A writ petition has been filed in the Delhi High Court by Mudrakash Investfin, a registered non-banking finance company (NBFC), against Yes Bank in the matter involving its deal to sell stressed assets to investment banker JC Flowers. In the petition, the NBFC has alleged that Yes Bank created tailor-made criteria that suits a particular buyer and did not disclose that JC Flowers, the bidder approved by it, was issuing ‘security receipts’ (SRs) or ‘hope notes’ for 85 percent of its bidding amount.
The petition, has stated that Yes Bank will be left with no money from the recoveries based on the structure of the SRs.
Costly haircut
As part of the deal, Yes Bank is taking an upfront 76 percent haircut on its stressed assets book worth ₹48,000 crore.

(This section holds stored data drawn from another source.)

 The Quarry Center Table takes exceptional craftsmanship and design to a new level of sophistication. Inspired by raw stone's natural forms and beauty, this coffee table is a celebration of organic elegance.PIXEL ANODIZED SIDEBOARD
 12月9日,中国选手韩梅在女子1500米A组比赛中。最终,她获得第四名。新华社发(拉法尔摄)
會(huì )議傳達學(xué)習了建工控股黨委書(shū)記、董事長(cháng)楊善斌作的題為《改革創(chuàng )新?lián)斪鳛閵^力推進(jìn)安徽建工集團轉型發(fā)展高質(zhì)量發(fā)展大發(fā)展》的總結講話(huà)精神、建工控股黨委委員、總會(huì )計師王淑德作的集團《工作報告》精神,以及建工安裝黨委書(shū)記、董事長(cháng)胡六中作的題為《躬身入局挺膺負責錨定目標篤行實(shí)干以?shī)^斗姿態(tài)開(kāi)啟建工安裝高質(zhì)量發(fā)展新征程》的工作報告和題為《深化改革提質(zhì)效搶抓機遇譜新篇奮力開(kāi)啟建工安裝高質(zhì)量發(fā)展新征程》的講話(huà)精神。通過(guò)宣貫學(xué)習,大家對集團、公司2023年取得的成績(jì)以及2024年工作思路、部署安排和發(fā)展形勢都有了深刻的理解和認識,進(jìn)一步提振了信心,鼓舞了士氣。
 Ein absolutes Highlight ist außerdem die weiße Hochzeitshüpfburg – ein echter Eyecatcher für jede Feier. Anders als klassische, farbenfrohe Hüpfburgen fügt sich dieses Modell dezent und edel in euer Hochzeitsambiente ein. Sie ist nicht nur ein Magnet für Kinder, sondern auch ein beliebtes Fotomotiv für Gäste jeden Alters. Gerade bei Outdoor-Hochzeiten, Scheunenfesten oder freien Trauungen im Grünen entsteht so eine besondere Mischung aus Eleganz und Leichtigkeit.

JC Flowers has agreed for a consideration of ₹11,183 crore out of which it will be paying Yes Bank only 15 percent or around ₹1,677 crore upfront. The remaining 85% or ₹9,500 crore has been converted into SRs. But to get ₹1,677 crore amount upfront, Yes Bank has agreed to invest ₹375 crore into an asset reconstruction company of JC Flowers for a 20 percent stake.

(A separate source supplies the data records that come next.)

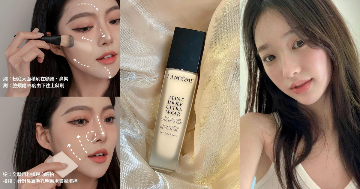 第一步先用指腹或粉底刷大面積逆著毛孔方向由上而下輕刷額頭、鼻樑,再以45度角由下而上斜刷兩頰及鼻翼,接著逆毛孔開口方向輕拍彈壓加強服貼度,最後照著同樣方向用沾濕後擰乾的「鑽石粉撲」由上而下輕拍彈壓額頭與鼻樑、再由下而上輕拍彈壓臉頰與鼻翼,尤其鼻翼兩側毛孔比較明顯可以再輕輕畫圓、用粉底液填滿凹洞,完妝效果保證服貼到尖叫!整張臉精緻無瑕甚至絕不脫妝!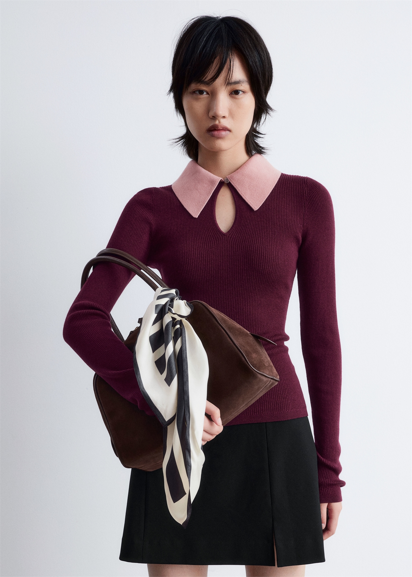 Топ с длинными рукавами, вязаный из шерстяной смеси. С классическим воротником и вырезом-ключницей, застегивающимся на жемчужную пуговицу. • 55% шерсти RWS TE-00047206 Длина топа: 58 см / 22,8" (размер S)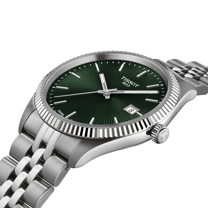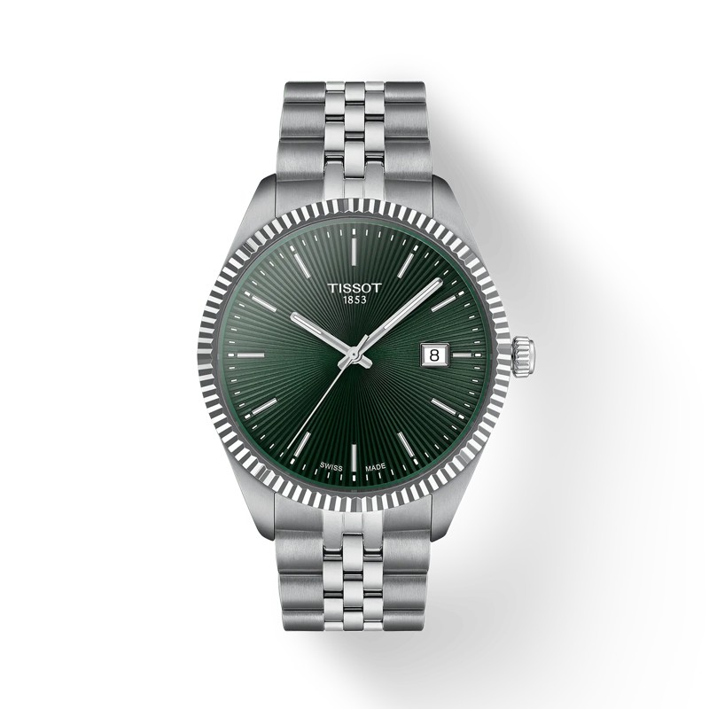 Diese Ausführung der Tissot Ballade 40mm besitzt ein 316L-Edelstahlgehäuse mit 40 mm Durchmesser und kratzfestem, entspiegeltem Saphirglas. Ihr dunkelgrünes Zifferblatt verfügt über eine Datumsanzeige bei 3 Uhr. Mit SuperLuminova® Leuchtbeschichtung versehene Zeiger und Indizes gewähren beste Ablesbarkeit.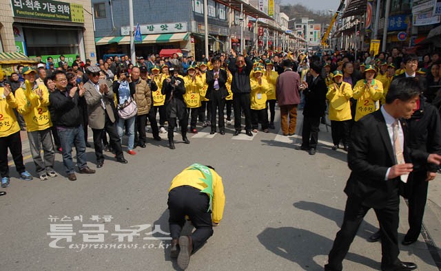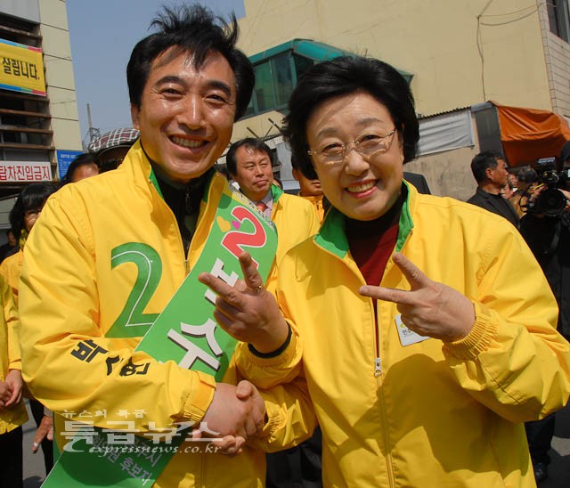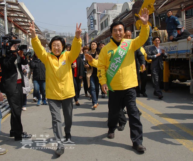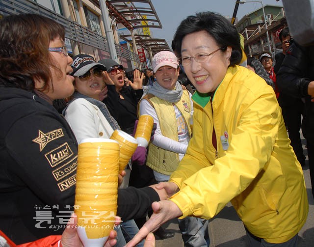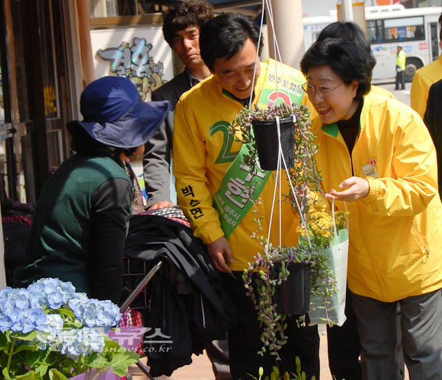 한명숙 민주통합당 대표가 4일 오후 산성시장을 방문해 박수현 후보 지원유세를 펼쳤다.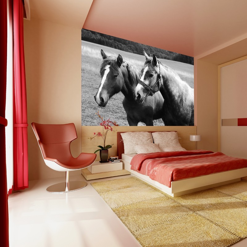 Piękna, chwytająca za serce fototapeta przedstawiająca dwa konie na łące. Utrzymana w czerni i bieli dekoracja doskonale sprawdzi się w salonie bądź sypialni nie tylko miłośników zwierząt. Wzór niezwykle klimatyczny.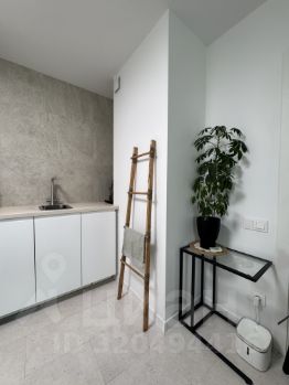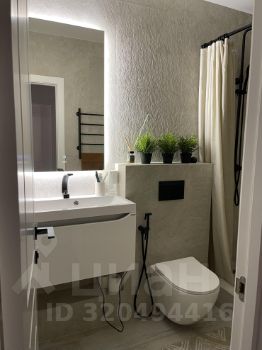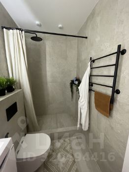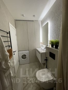 На полу плитка, полы с подогревом, большая душевая, инсталляция, встроенный шкаф с стиральной машиной.

On December 1, businessline had reported that private equity fund Cerberus Capital had offered ₹8,300 crore upfront all-cash deal to Yes Bank, which has not been considered by it. The petitioner has now racked up this offer of Cerberus in its petition for its arguments. The petition states that there was a lack of probity by Yes Bank and the criteria to identify JC Flowers and relation between its ARC was not known.